P: O que acontece se alguém tomar acidentalmente uma dose excessiva de Roxazin?

A informação oficial do produto documenta os sintomas que podem ocorrer após uma sobredosagem de Roxazin. Estes podem incluir efeitos como tonturas, náuseas e dor de estômago, e potencialmente efeitos mais graves como convulsões ou pressão arterial severamente baixa. A informação oficial refere que o pessoal médico administra cuidados de suporte em casos de suspeita de sobredosagem.

P: Existem avisos sobre a exposição solar durante a toma de Roxazin?

Sim. A informação de segurança regulamentar indica que o Roxazin pode causar fotossensibilidade, o que significa um aumento da sensibilidade física à luz solar. Devido a este efeito, a exposição ao sol pode levar a uma reação cutânea adversa ou erupção cutânea enquanto estiver a tomar o medicamento.

P: O Roxazin tem nomes comerciais diferentes noutros países?

Sim. A substância ativa, o Piroxicam, é uma molécula reconhecida globalmente e é comercializada sob muitas marcas diferentes em todo o mundo. As bases de dados regulamentares mostram que são utilizados vários nomes comerciais, como Feldene e Apo-Piroxicam, dependendo da região.

Como Roxazin deve ser armazenado e descartado?

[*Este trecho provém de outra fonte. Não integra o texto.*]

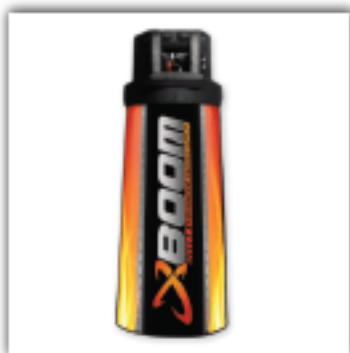
Advanced Pepper Spray

Como Conservar e Eliminar o Roxazin (Piroxicam)

Os requisitos oficiais de conservação do Roxazin (Piroxicam) foram concebidos para manter a sua estabilidade. O medicamento deve ser mantido no seu recipiente original, bem fechado, e conservado a uma temperatura ambiente controlada, tipicamente entre os 20 °C e os 25 °C. Os locais de armazenamento devem proteger o produto da congelação, da luz e da humidade excessiva, o que implica evitar locais como a casa de banho.

Segurança Infantil e Eliminação

Por razões de segurança, todos os medicamentos devem ser guardados fora da vista e do alcance das crianças. O Roxazin fora do prazo de validade ou não utilizado deve ser eliminado adequadamente. O método preferencial é a utilização de um programa comunitário de retoma de medicamentos. Se não estiver disponível uma opção de recolha, o produto não utilizado deve ser misturado com uma substância desagradável, selado num recipiente e colocado no lixo doméstico. Não deve deitar o medicamento na sanita, a menos que tal seja especificamente indicado na rotulagem oficial.

Atenção! Sempre consulte um médico ou farmacêutico antes de usar pílulas ou medicamentos.